O’na boşuna Tahaminatör demiyorlar!
Kocaelispor’un geçtiğimiz sezon öncesinde Kırşehirspor’dan transfer ettiği –Tahaminatör- lakaplı stoperi Taha Batuhan Yayıkçı Spor41’in sorularına samimi yanıtlar verdi. Batuhan “İyi ki Kocaelispor’a gelmişim. Kocaeli şehri Kocaelispor ile yatıp kalkıyor. Bu camia en iyisini hak ediyor” dedi. Süper Lig kulüpleri başta olmak üzere çok sayıda kulübün takibinde olan Batu, kesinlikle transferi düşünmediğini, konuyu kendisi adına kapattığını ve Kocaelispor’un sezon sonunda 1. Lig hedefine ulaşması için elinden geleni yapacağının sözünü verdi.
İNANIYOR
Geride bıraktığımız sezon şampiyonluğun kilit isimleri arasında yer alan, yeni sezonda da formayı aldıktan sonra bırakmamaya kararlı olan Taha Batuhan Yayıkcı, nam-ı diğer Tahaminatör, Kocaelispor’da futbol oynamasından ötürü büyük bir mutluluk ve gurur duyduğunu belirtti. Pandemi sürecinde de olumsuz etkilenmelerine karşın çabuk toparlandıklarının altını çizen başarılı stoper sezon sonunda 1. Lig’e çıkacaklarına tüm samimiyeti ile inandığını belirtti.

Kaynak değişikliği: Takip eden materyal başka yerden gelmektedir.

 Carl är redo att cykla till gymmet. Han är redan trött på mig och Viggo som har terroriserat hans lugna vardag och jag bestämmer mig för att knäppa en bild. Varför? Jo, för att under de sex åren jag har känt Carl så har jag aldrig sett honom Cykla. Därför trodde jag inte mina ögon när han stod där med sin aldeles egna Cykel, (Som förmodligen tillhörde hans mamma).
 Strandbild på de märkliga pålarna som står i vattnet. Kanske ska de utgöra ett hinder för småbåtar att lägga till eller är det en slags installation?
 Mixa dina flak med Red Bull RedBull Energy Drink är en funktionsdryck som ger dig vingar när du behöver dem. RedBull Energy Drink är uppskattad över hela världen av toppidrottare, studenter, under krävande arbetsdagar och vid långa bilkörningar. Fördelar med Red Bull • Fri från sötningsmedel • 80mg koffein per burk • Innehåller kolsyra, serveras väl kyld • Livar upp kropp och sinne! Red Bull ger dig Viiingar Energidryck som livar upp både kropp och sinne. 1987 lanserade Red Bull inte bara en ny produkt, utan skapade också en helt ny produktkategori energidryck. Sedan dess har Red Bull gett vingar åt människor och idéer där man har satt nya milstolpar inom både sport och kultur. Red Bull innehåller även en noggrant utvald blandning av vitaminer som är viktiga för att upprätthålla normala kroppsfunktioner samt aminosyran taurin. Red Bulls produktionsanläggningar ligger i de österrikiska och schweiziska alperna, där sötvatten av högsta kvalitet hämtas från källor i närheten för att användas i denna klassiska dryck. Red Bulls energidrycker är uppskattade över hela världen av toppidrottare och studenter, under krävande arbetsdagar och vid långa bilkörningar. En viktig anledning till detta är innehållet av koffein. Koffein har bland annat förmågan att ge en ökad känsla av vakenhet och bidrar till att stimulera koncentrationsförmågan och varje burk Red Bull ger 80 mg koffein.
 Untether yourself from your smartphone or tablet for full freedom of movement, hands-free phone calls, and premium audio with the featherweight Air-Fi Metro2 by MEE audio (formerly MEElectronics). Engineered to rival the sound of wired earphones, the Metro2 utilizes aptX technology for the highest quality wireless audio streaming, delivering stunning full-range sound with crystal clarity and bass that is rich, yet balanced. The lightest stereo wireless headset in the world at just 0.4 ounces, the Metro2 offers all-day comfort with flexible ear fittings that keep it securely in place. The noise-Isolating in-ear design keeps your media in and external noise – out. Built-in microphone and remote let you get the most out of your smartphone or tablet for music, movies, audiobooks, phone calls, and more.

SALGIN DÖNEMİNDE EVDEN ÇIKMADIM
Covid-19 salgını nedeni ile uzun süre evlere kapanmak zorunda kaldıklarını ifade eden Batu şu şekilde konuştu: Geçen yılın Mart ayından bu yana tüm dünya çok enteresan bir süreçten geçiyor. Ben de virüs nedeni ile evimdeydim. Bu zamanda yabancı filmler izledim, dışarıya fazla çıkmadan çalıştım. Geçen sezon birlikte oynadığımız Serdar abi ile (Serdar Ümit Deniz) bilgisayardan futbol maçı yaptım.

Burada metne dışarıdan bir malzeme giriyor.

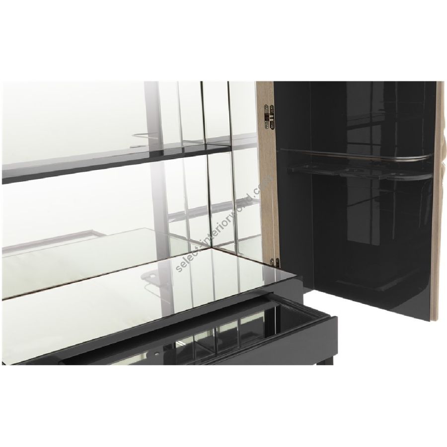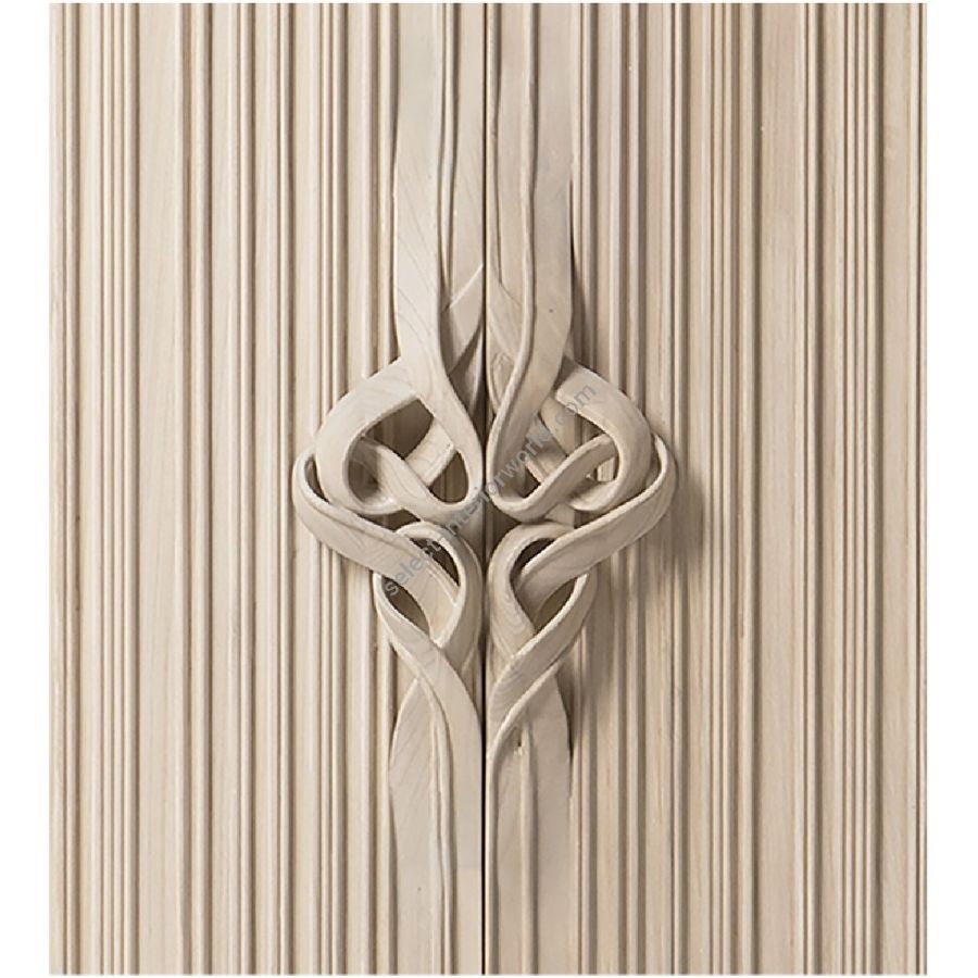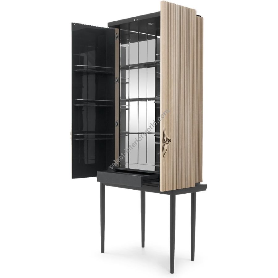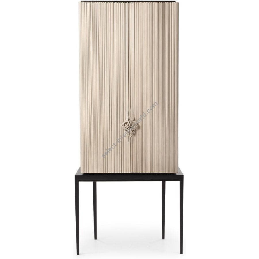 A sleek design with intricately carved reeded doors, accented by the CG signature knot, this tall bar cabinet features shelving for wine, spirits and stemware storage. The cabinet is perched atop metal 'stiletto' supports. Also available in a larger version (88-0010).
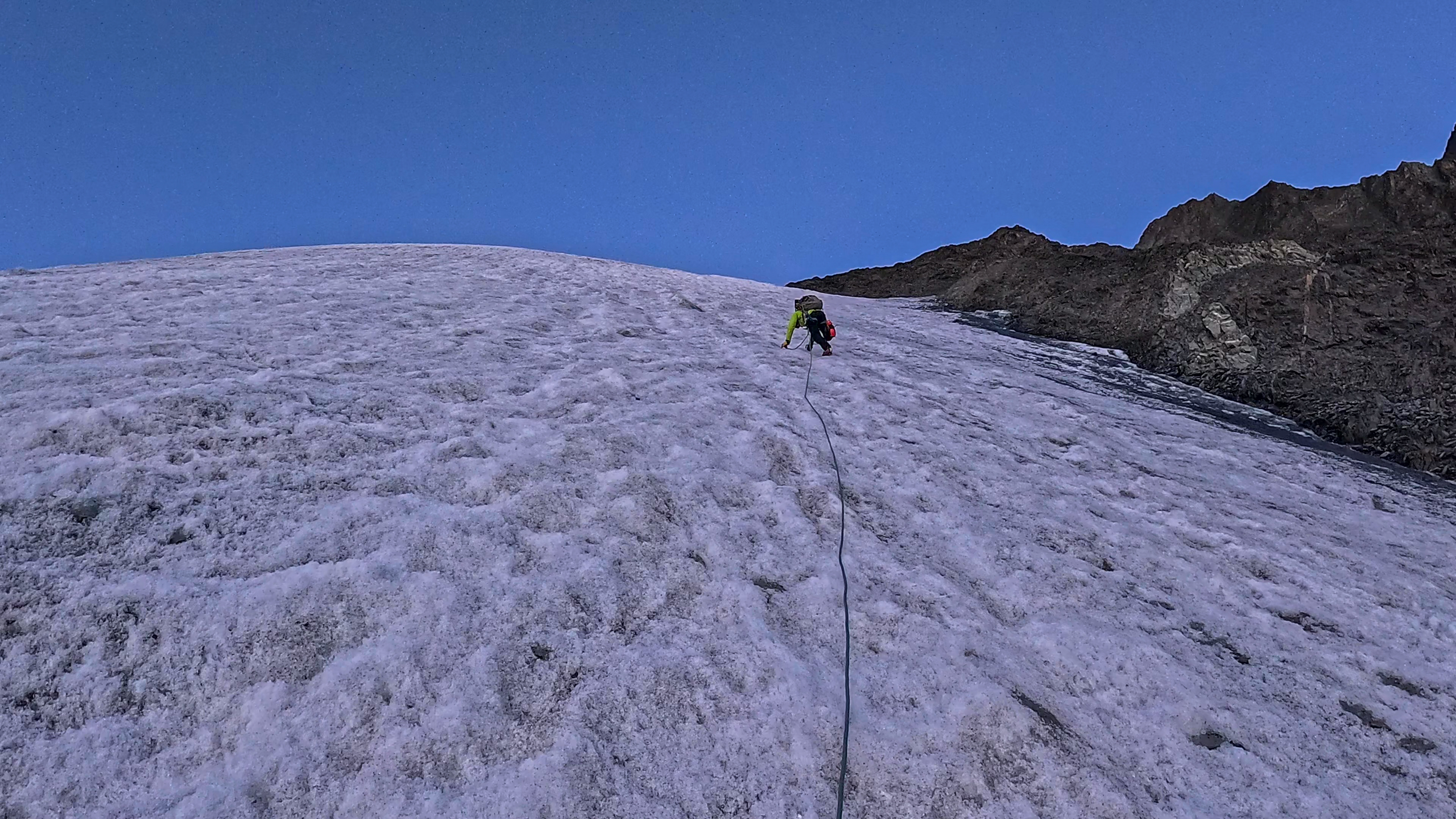 Nous la franchissons et nous nous engageons dans cette face orientée est. Elle est en glace dure et relativement bien fournie. De quoi faire travailler les mollets ! Nous longeons le côté droit de la face, à proximité du rocher qui la longe ; à la descente, il nous faudra nous déporter vers son centre, afin d'être à l'abri des chutes de pierres qui ne vont pas manquer de se déclencher avec le lever du soleil. Une frayeur avec la chute d'un bloc de glace qui vient frapper mon casque. L'inclinaison de la pente est de 45° au début et atteint 60° par la suite. La forme est bonne.
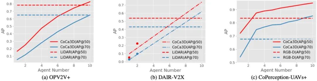 研究者发现,CoCa3D(实线)在 10 个相机的协作下在 OPV2V+ 上的 AP@0.5/0.7 都优于 LiDAR 3D 检测!由于真实车路协同数据集 DAIR-V2X 仅有 2 个协作相机,我们使用 OPV2V + 的斜率来拟合真实车路协同数据集上的检测性能与协作相机个数的函数,发现在实际场景中,仅 7 个协作相机即可实现优于 LiDAR 3D 检测的效果!此外,随着协作代理数量的增加,检测性能的稳步提高鼓励协作者积极协作并实现持续改进。
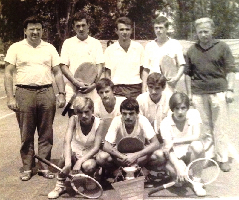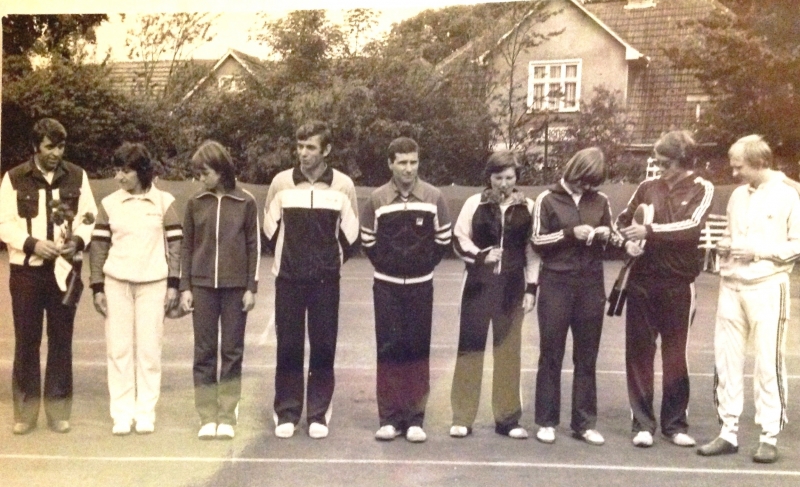 (Откриване на международния турнир в Циновиц (ГДР) в началото на 80-те години. От ляво надясно: водачът на българския отбор Иван Драганов- виден деятел на тениса в Хасково, Диана Москова, Мануела Малеева, Любен Генов, Любомир Петров. До нашите следват състезателите на ЧССР)

İLK BAŞLARDA ÇOK ÜZÜLÜYORDUM
Futbola, Beşiktaş’ın PAF takımında da oynayan babam sayesinde başladım. Babam “Ben olamadım bari oğlum futbolcu olsun” diyerek benimle çok ilgilendi. Küçükken de futbolu çok seviyordum. Gazete kağıtlarından top yapar oynardım. Fenerbahçe’nin seçmelerine gittim ve orada beğenildim. Boyum kısaydı. Bana “Boyun uzamayacak” dediklerinde üzülüyordum. Sol bek oynuyordum. Bir yaz mevsiminde 10-15 santim birden uzadım ve stopere geçtim.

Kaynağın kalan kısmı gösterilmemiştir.